Mathematically, I know he is just talking about the eigen-vectors of the W matrix (where Wij = <pis_i|H'|psi_j>). But what do the eigen-vectors physically represent? Are they the 1st order approximations of the of the new eigen-states of H = H0 + H'?
I`m not entirely sure, because I think Griffiths does a horrible job of explaining it.

I guess the point is that you can take any linear combination of eigenstates of H corresponding to a degenerate eigenvalue and it will still be an eigenstate of H with the same eigenvalue. So your choice of basis is not unique.
You want $\langle \psi_i^0 | H' | \psi_j^0 \rangle$ to be zero if $i\not=j$, then the result will be the same as using nondegenerate pertubation theory.
Therefore the good linear combination to take is the one in which your choice of basisvectors is such that they are eigenvectors of H'. In that case the off-diagonal matrix elements vanish.
So you have to choose your basis as to diagonalize the pertubation.

Dr Transport
Gold Member
You first calculate the matrix elements $$\langle \psi_{i} ^{0} | H' |\psi_{j} ^{0} \rangle$$ for all $$i,j$$ degenerate pairs. After finding the matrix of these values, find the eigen-values of this matrix and use them to find the combinations of the orginal basis functions that diagonalize the matrix so that $$\langle \psi_{i} ^{0} | H' |\psi_{j} ^{0} \rangle = 0$$ for $$i \neq j$$.

DO I HAVE THIS RIGHT?
OK, I think I understand this a bit better now. The eigenvectors obtained from the W-matrix simply represent a change of basis. The original basis consisted of functions which were eigenstates of H0 and had an eigenvalue of E0. The new basis consists of functions which are eigenstates of H' and have eigenvalues E1 (which, may or may not be distinct). The eigenstates of H' are what griffiths calls "good states".

ANOTHER QUESTION
griffiths goes on to talk about a cute way of finding the "good states" without constructing the W-matrix:
Find an operator that commutes with H', and which has distinct eigenvalues for each of its eigenstates. These eigenstates will automatically be the "good states".

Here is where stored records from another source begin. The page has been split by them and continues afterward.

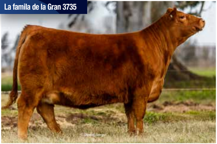
PUCARÁ La familia de la Gran 3735

Halcón - Waka Waka - Sakic - Federica. Respaldo genético y pedigree abierto con Waka Waka y Federica.
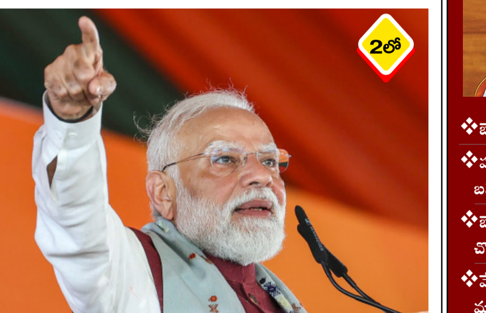
పశ్చిమ బెంగాల్ లో అధికార తృణమూల రాష్ట్రంలోని మహిళలు, యువత చురుకైన పోరాటాన్ని కాంగ్రెస్ కు వ్యతిరేకంగా దండెత్తింది బీజేపీ కాదని... ప్రారంభించారని ప్రధానమంత్రి
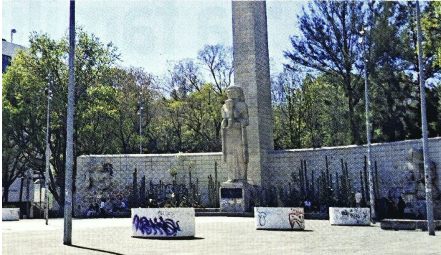
El Monumento a la Madre Luce actualmente vandalizado, pese a la renovación ocurrida en 2017.
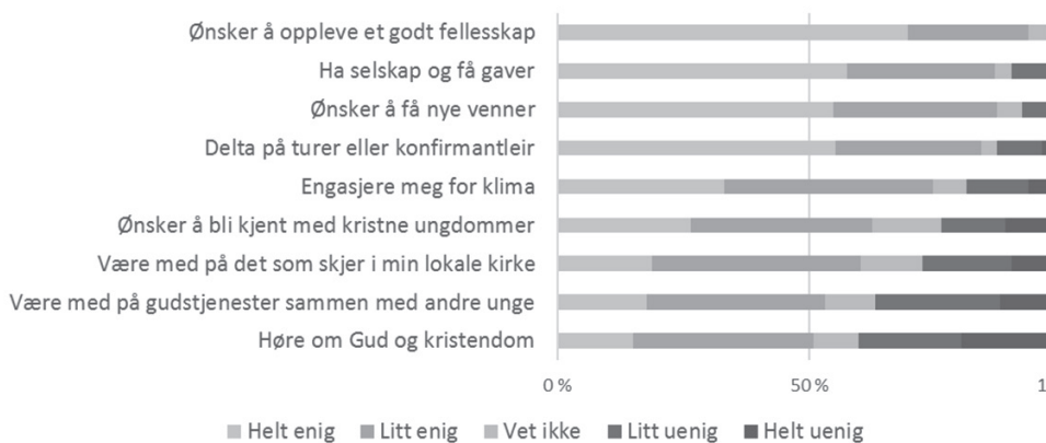
Fig. 2: Spørsmålet «Hva gleder du deg til eller synes er viktige å være med på i tiden før konfirmasjonen?» er sortert etter synkende gjennomsnittsverdi.

Et mål med undersøkelsen er å få fornyet innsikt i hva slags innhold 14-åringer tillegger konfirmasjonstiden. En hensikt var å kunne forbedre kirkens kommunikasjon om konfirmasjon, derfor ble bare de som svarte at de planla kirkelig konfirmasjon (Tab. 1, n=181 ) stilt spørsmålet «Hva gleder du deg til eller synes er viktig å være med på i tiden før konfirmasjonen?». 5 Sosiale aspekter ved konfirmasjonstiden står som det viktigste av det ungdommene ser frem til (Fig. 2).
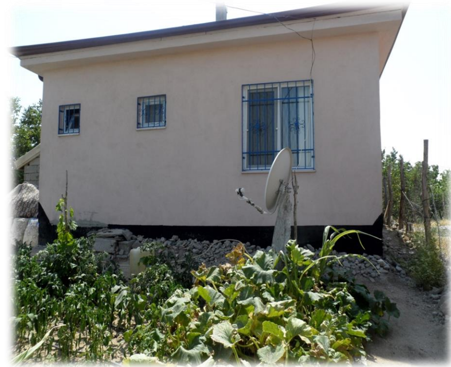
AĞAÇÖREN SYDV TARAFINDAN YAPILAN EV
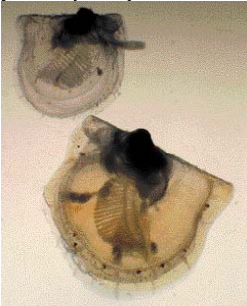
Figur 3 Yngel med fot og øyeflekker. Skallbredden er 1 og 2 mm.

produksjonslinjen viser en økning fra 3 mill. kr i klekkeri til 30 mill. kr etter sluttkulturen. Dette er verdier ut fra produsent, og må ikke sammenlignes med priser på Fisketorget i Bergen, der totalverdien ville vært 120 mill. kr.
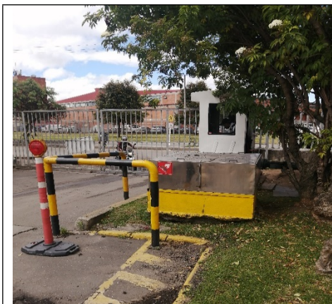
Fotografía 1. Estructura metálica que recubre al pozo pz-09-0040.
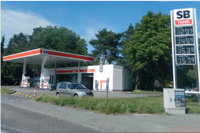
neue SB Tankstelle

Seit Anfang Juli gibt es eine neue "freie Tankstelle" in Oldenfelde an der Einmündung Alter Zollweg / Bekassinenu. Dort hat die Shelltankstelle ihren Betrieb aufgegeben. Um beim Betanken des Fahrzeuges zu sparen, ist man ja aufgefordert, nach der jeweils günstigsten Tankstelle Ausschau zu halten. Jetzt hat der Redakteur des O-Blattes die Möglichkeit, im wahrsten Sinne "um die Ecke" zu tanken, was ihn freut. Der bisherige Cent-Vorteil an einer entfernten freien Tankstelle wurde durch die längere Fahrt dorthin weitgehend zunichte gemacht.
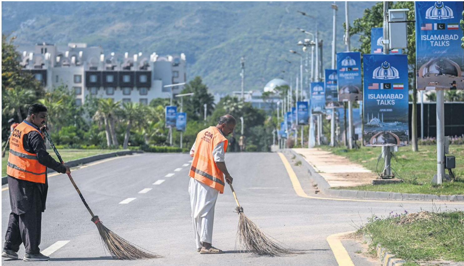
Preparativos para receber outra rodada de conversações em Islamabad: cessar-fogo se aproxima do fim sem sinais de acordo de paz definitivo

O Paquistão preparava-se ontem para receber mais uma rodada de negociações de paz entre Estados Unidos e Irã, uma semana depois de uma primeira investida diplomática — frustrada — em busca de um acordo capaz de encerrar o conflito iniciado em 28 de fevereiro. A Casa Branca confirmou a presença do vice-presidente J. D. Vance, aguardado na capital paquistanesa, Islamabad, na noite de hoje, à frente de uma delegação que deve incluir o enviado especial Steve Witcoff e o genro do presidente Donald Trump, Jared Kushner. Da parte iraniana, já na madrugada de hoje (horário local), a imprensa oficial indicava que “não havia planos” de participar do encontro. Na quarta-feira expira o cessar-fogo de 15 dias anunciado na noite do último dia 7, a poucas horas de um ultimato em que Trump ameaçava “exterminar a civilização” persa.
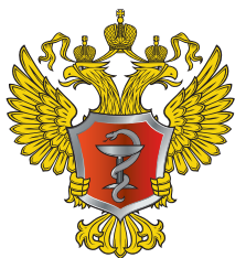
Министерство здравоохранения РФ

Не растерявшись в экстренной ситуации и правильно оказав первую помощь, вы спасете ребенку жизнь!
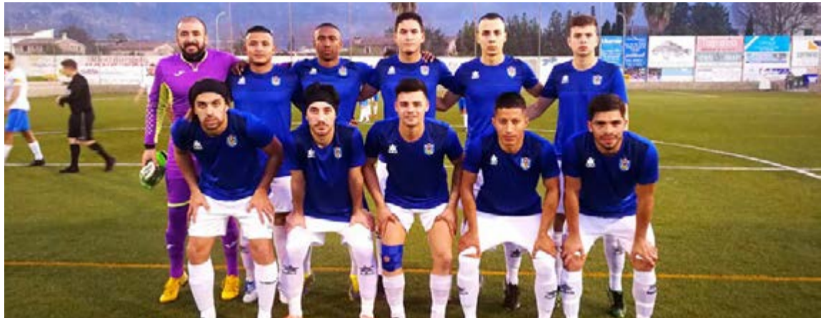
Baleares Sin Fronteras FC, como otros clubs amateurs, a la espera de lo que decida el comité de competición de la FFIB.

¿Está de acuerdo en resolver los ascensos de categoría en un playoff exprés, a una misma sede de concentración y en partido único por eliminatoria, asegurando la máxima seguridad sanitaria?
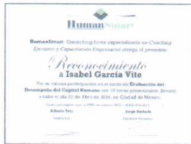
"Evaluación del desempeño del capital humano"
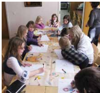
■ Piirtäminen rauhoitti hetkeksi.
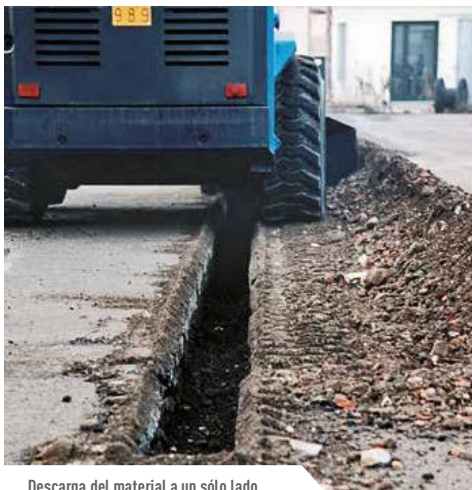
Descarga del material a un sólo lado

To be frank, this doesn't seem any easy at all since you have to:
1) come up with an operator A
2) show that A commutes with H'
3) find the functions which are simultaneously eigenstates of A and H'

I was hoping griffiths would shed a bit more light on this subject when he talked about the relativistic correction to the Hydrogen Energies. But, rather than showing that p^4 commutes with L^2 and Lz, he simly says that it does because it's spherically symetric. (which still isn't obvious to me). Furthermore, the eigenstates of L^2 and Lz are Y_lm. How does griffiths make the jump from Y_lm to Psi_nlm? (e.i., how does he know that know that Psi is an eigenfunction of H'?) Lastly, since we are dealing with two operators, what is A in this case? L^2 + Lz? I suppose that would work, since it would give distinct eigenvalues for each eigenstate:
l(l+1)hbar^2 + mhbar

LAST QUESTION:
Forgive my stupidity, but how do you guys write your equations nicely on the posts? LaTex? (I admittedly know nothing about LaTex...perhaps I should investigate).

dextercioby
Homework Helper
Last:Yes,Latex it is that we use for writing formulas.
Penultimate.Yes,it is straightforward to show that $\hat{L}^{2},\hat{L}_{z},\hat{p}^{4}$ form a csco,therefore have common eigenvectors.
No,the addition of $\hat{L}^{2}$ and $\hat{L}_{z}$ has no physical meaning.

Daniel.

I guess I'm still not clear on what the operator A would be. It can't be just L^2 or Lz, since the eigenstates of those operators do not produce distinct eigenvalues:
|211> --> L^2 = 2 hbar^2
|210> --> L^2 = 2 hbar^2
|210> --> Lz = 0
|200> --> Lz = 0
Although Lz + L^2 has no physical meaning, at least it would give distince eigenvalues for all |nlm>.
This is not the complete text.